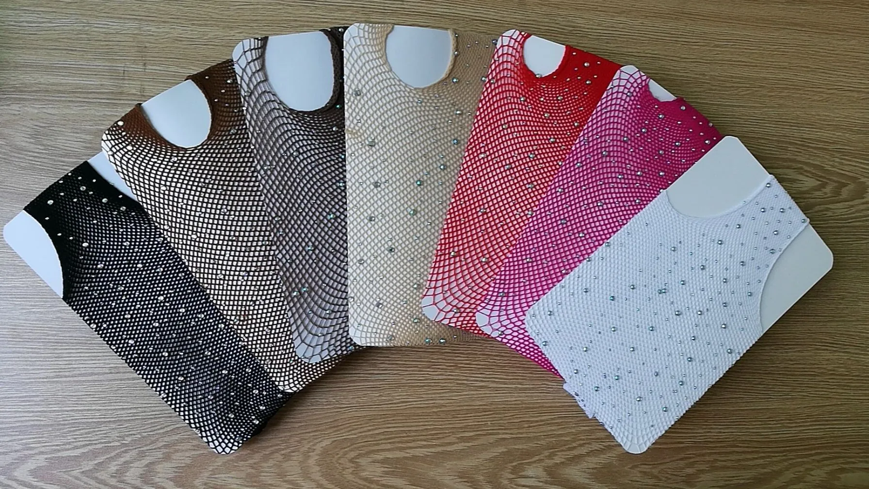 Колготки нейлоновые узкие, стразы, сетчатые, обтягивающие, для клуб...
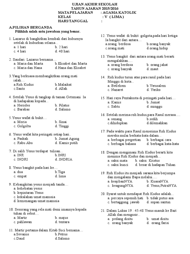 Artikel ini bertujuan untuk memberikan gambaran komprehensif mengenai contoh-contoh soal Pendidikan Agama Kristen kelas 9 semester 2. Contoh soal ini dirancang untuk mengukur berbagai tingkat pemahaman, mulai dari pengetahuan dasar hingga kemampuan analisis dan aplikasi. Dengan memahami struktur dan jenis soal ini, siswa diharapkan dapat mempersiapkan diri dengan lebih baik, sementara guru dapat menemukan inspirasi dalam menyusun instrumen evaluasi yang efektif dan relevan.
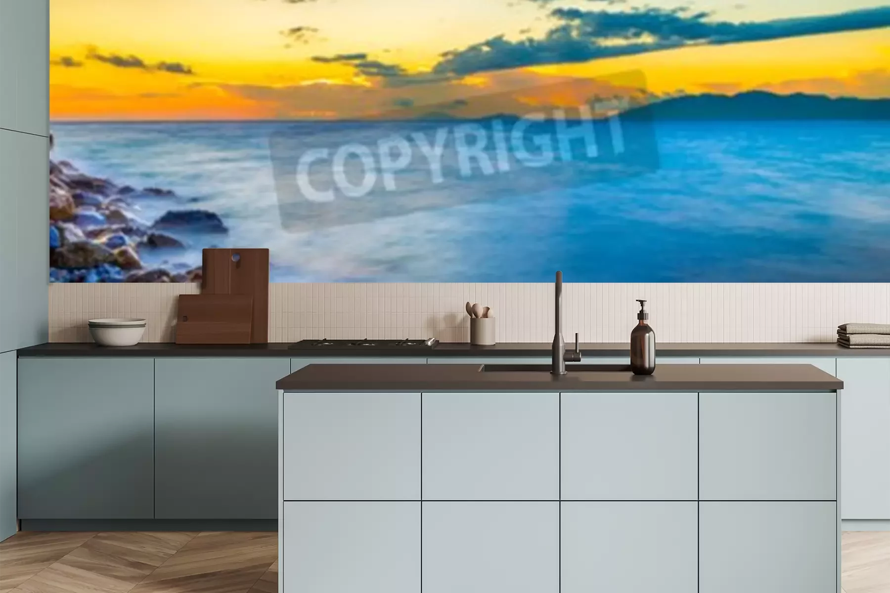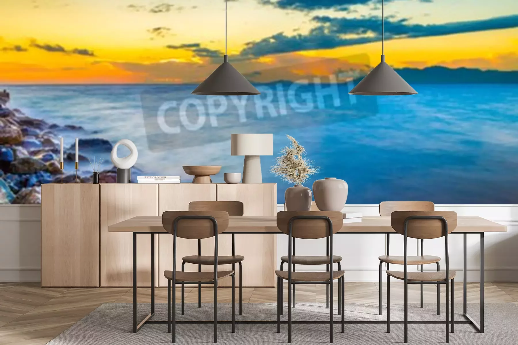 Papier peint  Lever de soleil sur la mer en Grèce

::::::::

DIRECTIONS:
Repeat the lines above exactly, and keep every picture out.

SOLVED PROBLEM:
 Колготки нейлоновые узкие, стразы, сетчатые, обтягивающие, для клуб...
 Artikel ini bertujuan untuk memberikan gambaran komprehensif mengenai contoh-contoh soal Pendidikan Agama Kristen kelas 9 semester 2. Contoh soal ini dirancang untuk mengukur berbagai tingkat pemahaman, mulai dari pengetahuan dasar hingga kemampuan analisis dan aplikasi. Dengan memahami struktur dan jenis soal ini, siswa diharapkan dapat mempersiapkan diri dengan lebih baik, sementara guru dapat menemukan inspirasi dalam menyusun instrumen evaluasi yang efektif dan relevan.
 Papier peint  Lever de soleil sur la mer en Grèce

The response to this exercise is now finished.